I believe God is the author of life, he had carefully written and planned everything for us including our love stories.. and mine just happened to be in a long distance rel. And God didn't want me to give-up on something that he has chosen for me. If I had given up on long distance love after failing at it twice, I don't think I would be this happy and contented. I don't think I would be this full in spirit and strong in love. Being in a long distance relationship is my fate and it helped me to become a better person. It changed me. A lot.

I now realized why it didn't work out for me before.. perhaps, it just wasn't meant to be. Maybe I was doing it wrong. Maybe God wanted me to experience the most honest and pure joy that I wouldn't get in my previous rel. Now it was all clear to me.. I wasn't doing it wrong, I was just in the wrong time, wrong place, inlove with the wrong people and wasting my energy and emotion to a love that wasn't even meant to be.

AND God had let me out. I'm glad He did.

Being in a long distance relationship is hard, we all know that.. but it doesn't really have to be hard enough, you just have to focus on some things that makes life worth it. Yes, it's completely insane to be far away from someone you wouldn't trade for anything in this world, every moment of the day is not the same without them. You miss the hugging, kissing, cuddling, cheesy name callings, etc that makes your day better. We all do.. we miss them, sure. But life has to move-on.

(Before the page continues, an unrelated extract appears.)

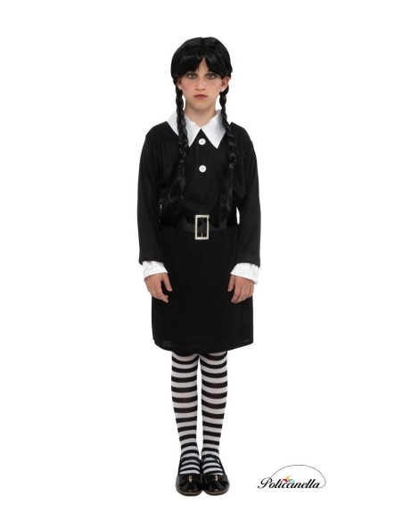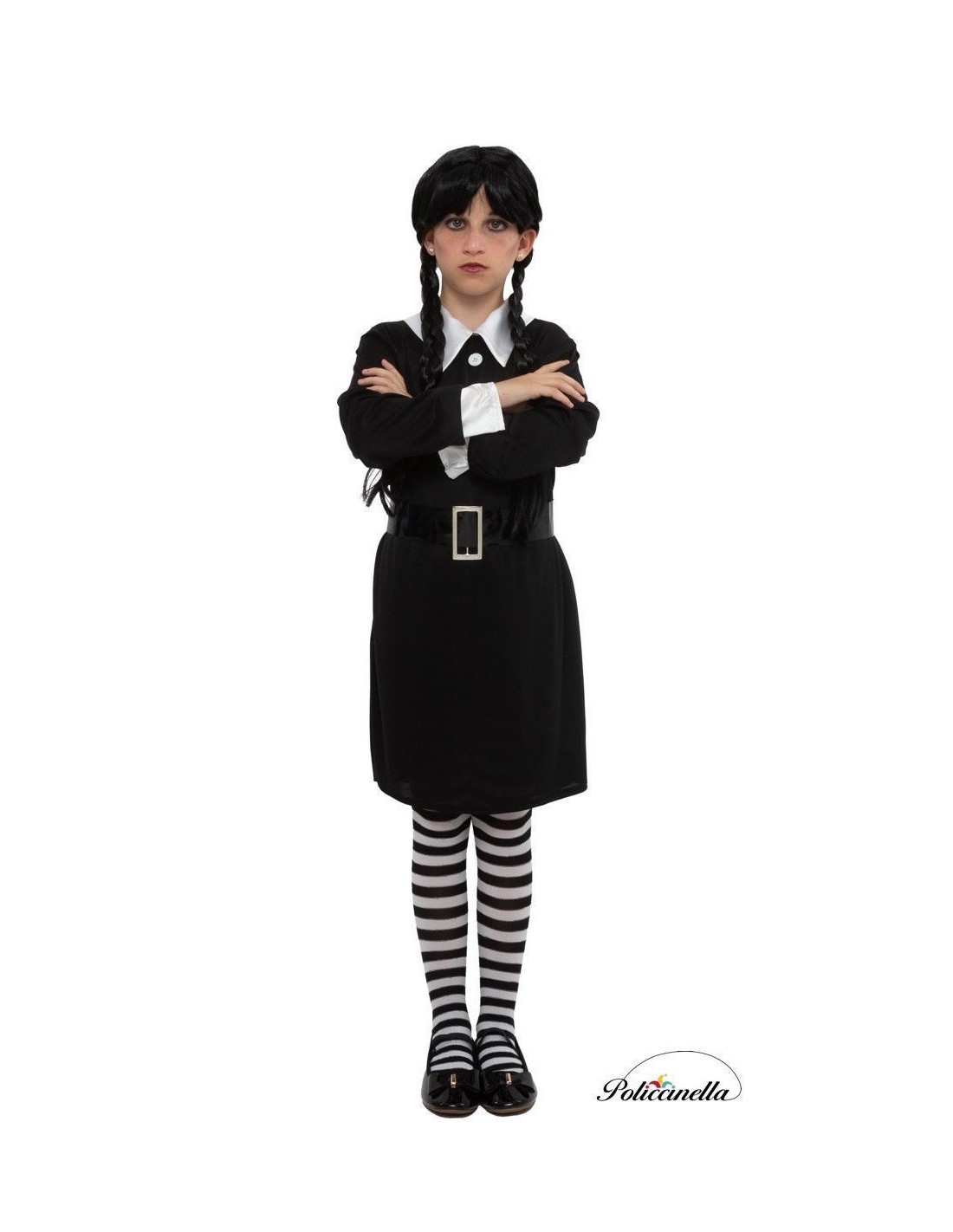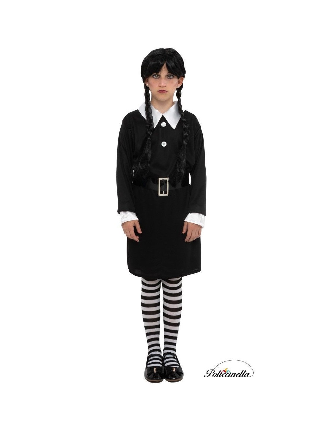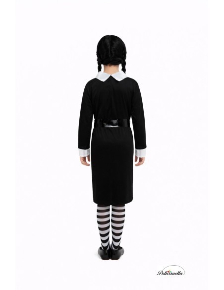 Découvrez l'attrait unique de ce costume, idéal pour se démarquer à Halloween. Fabriquée dans un élégant tricot machine, cette robe noire à manches longues avec des poignets blancs présente une texture douce et légèrement élastique. Sa coupe classique met en valeur la silhouette. Elle arbore un col blanc impeccable avec des boutons décoratifs et une large ceinture qui souligne la taille avec un style gothique et se complète avec des collants à rayures noires et blanches.

Keep yourself busy and find something you're good at-- no, it doesn't mean you have to forget about them.. but just keep your days busy with other things. It'll help you not only to forget the 'missing feeling' but it will also help you to become a better person. What could be nicer than developing deep self love huh? You have to be complete in yourself first and take care of yourself before you can develop real love to others. Surviving a long distance relationship involves deep self love before anything else. This will be your strength and foundation so you won't lose some turns along the way. So me, that's exactly what I've been trying to do lately, I've been trying to keep myself busy as much as possible with school, with improving myself and finding what other things I'd like to do because I know I have to. I have this tendency to be needy and annoying especially when I'm bored.. and with my experience? It didn't really help me that much.

I guess more importantly, above anything else.. you have to trust each other and have a big faith in God. King has been really good at reminding me about this one, he's been there to remind me all the time that I need to be positive if I want this thing to work. That I need to trust God and let Him work in our relationship and to not worry about anything. Having an honest and constant open communication is also the main key to survive this kind of rel.

P.S

You don't have to see each other to be more in love.. you just have to have a commitment and genuine love towards each other to make this work effortlessly even between the distance.